- Born: 19 November 2009 (age 16) Lagos, Nigeria
- Occupation: Saxophonist
- Website: temilayoabodunrin.com

= Temilayo Abodunrin =

Nigerian saxophonist (born 2009)

Temilayo Abodunrin (born 19 November 2009) is a Nigerian saxophonist. She is best known for her Duduke and Jowo cover versions.

== Background ==
Temilayo Abodunrin hails from Offa in Kwara State, central Nigeria. She has two brothers who also play musical instruments. She attended Parara Music School when her parents found out about her interest in music.

== Career ==
Temilayo Abodunrin started playing the saxophone at the age of six. She has performed at many concerts sharing the same stage with famous Nigerian artists like Johnny Drille, Tope Alabi, Makayla Malaka, Wole Oni and some others. Temilayo, the multi talented star has also made her debut in the film titled "The Weight" written by Tope Alabi. Temilayo is best known for her cover version of Duduke by Simi and Jowo by Davido which gained wide acceptance.

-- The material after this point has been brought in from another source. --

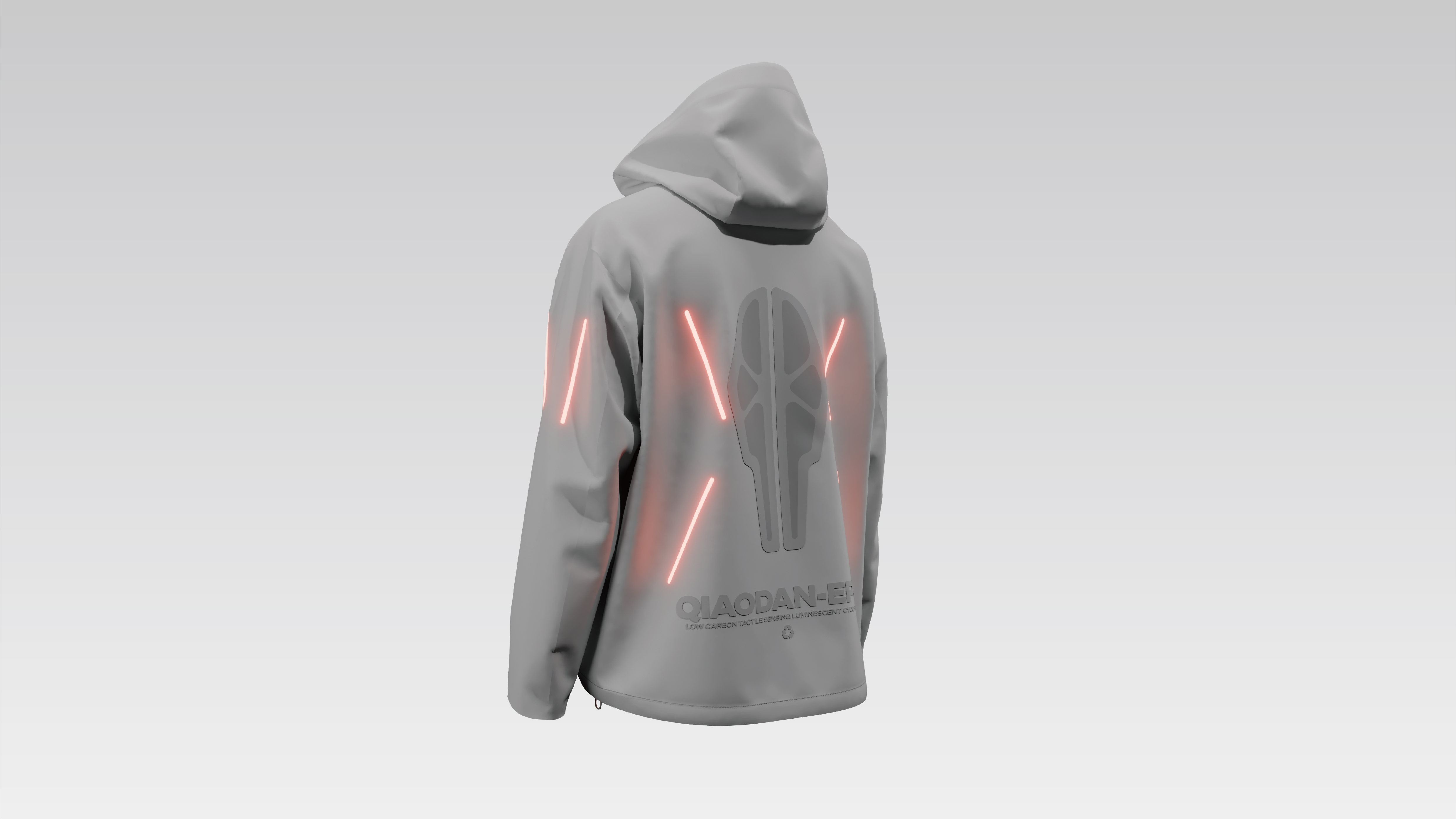 The intelligent cycling windbreaker is designed specifically to enhance nighttime cycling safety. In response to the increasing risk of cycling accidents in low visibility environments, it innovatively features a touchable sensing and lighting system. The system consists of a dual interactive structure consisting of a cuff touch sensing module and a high brightness light-emitting crystal light strip on the back. When cycling and cruising, lightly touch the cuff sensor, and the back will immediately activate a constantly lit red light, clearly indicating the rider's position through a stable light source; When encountering emergency parking or temporary parking, the sensor will be touched again, and the light strip will automatically switch to high-frequency flashing mode to dynamically alert and strengthen the attention of vehicles behind. The dual-mode intelligent switching mechanism takes into account both normal safety positioning and sudden risk warning, effectively reducing the probability of accidents such as rear end collisions and scratches caused by insufficient visibility at night, and building an active light-sensitive protective barrier for cyclists. At the same time, all materials of the cycling jacket are designed environmentally friendly, and the first zero carbon sports concept suit is launched, supporting the United Nations Sustainable Development GoalsIntegrating intelligent lighting with clothing, the glowing light located on the back can be quickly triggered by touch, providing two modes of constant light and flashing. In terms of safety, the flexible sensing luminescent material has strong conductivity, waterproof performance, and is flexible and skin friendly1. Security: Active light sensing protective barrier, rather than passively waiting to be discovered. By actively emitting light to indicate one's own position, the risk of being rear ended or scratched is significantly reduced, which reflects the highest concern for the rider's right to life and safety; 2. Health: Integrating the luminous light with clothing can always indicate one's own position, significantly enhancing psychological safety and effectively relieving the pressure of nighttime cycling, making the cycling process more relaxed and enjoyable. In addition, all cycling clothes are made of sustainable and environmentally friendly materials, jointly protecting the ecological development of the earth.1. Form beauty: The slim fit fits the riding posture, and the back light strip is embedded in the windbreaker in a horizontal streamlined shape, which not only maintains the simple outline of the clothing, but also enhances visual recognition through geometric light strips. When illuminated at night, the red lines create a dynamic rhythmic beauty. 2. Functional beauty: The cuff micro sensor seamlessly integrates with clothing, and touch interaction only requires a single finger tap. Dual mode switching (constantly on/flashing) accurately corresponds to cruise and emergency scenarios, achieving complex safety logic with extremely simple operation. 3. Material beauty: The high brightness luminescent crystal light strip adopts flexible film technology, which bends and fits the human body without stiffness; The base material of the windbreaker is made of lightweight windproof fabric, and the technology components achieve a unified texture with the clothing texture. 4. Craftsmanship: The light strip is seamlessly embedded into the fabric using hot pressing technology, without raised stitching; The sensor circuit is connected to the main control module through conductive yarn, with completely hidden internal wiring and no redundant structures on the surface. 5. Technological Beauty: The "Touch Light Sensing" system transforms safety warnings into an elegant language of light: the constant light mode is stable like breathing, and the flashing mode is pulsating like a pulse, transmitting danger signals through biological rhythm like light effects, achieving intuitive poetic expression of human-computer interaction.Pioneering the concept of "zero carbon" in the field of sportswear, environmentally friendly materials are used in all parts of clothing fabrics, zippers, sewing threads, etc. The entire garment can be made from only 32 discarded plastic bottles. Professional cycling windbreakers can enhance consumers' riding experience, allowing people to enjoy cycling and thus contribute to sustainable social development.

In an interview with the Nigeria Tribune, Temilayo reviewed that she started as a keyboardist before she became a saxophonist. In the interview, she said she attended a concert where she was invited to play the keyboard and she met other kids like her playing the saxophone. She said, hearing the beautiful sound made her learn the saxophone. She debuted her first official single titled AYO in 2020. She teamed up with Grammy Award nominee Bankulli and award-winning music producer RotimiKeys. The Ooni of Ife cameo-ed in the music video.

=== Performances ===
In 2019, Temilayo Abodunrin was invited to perform at season 11 of the Channels International Kids Cup.

== Awards ==
On 3 January 2021, she was part of the Ogo Yoruba Awards (OYA) 2020.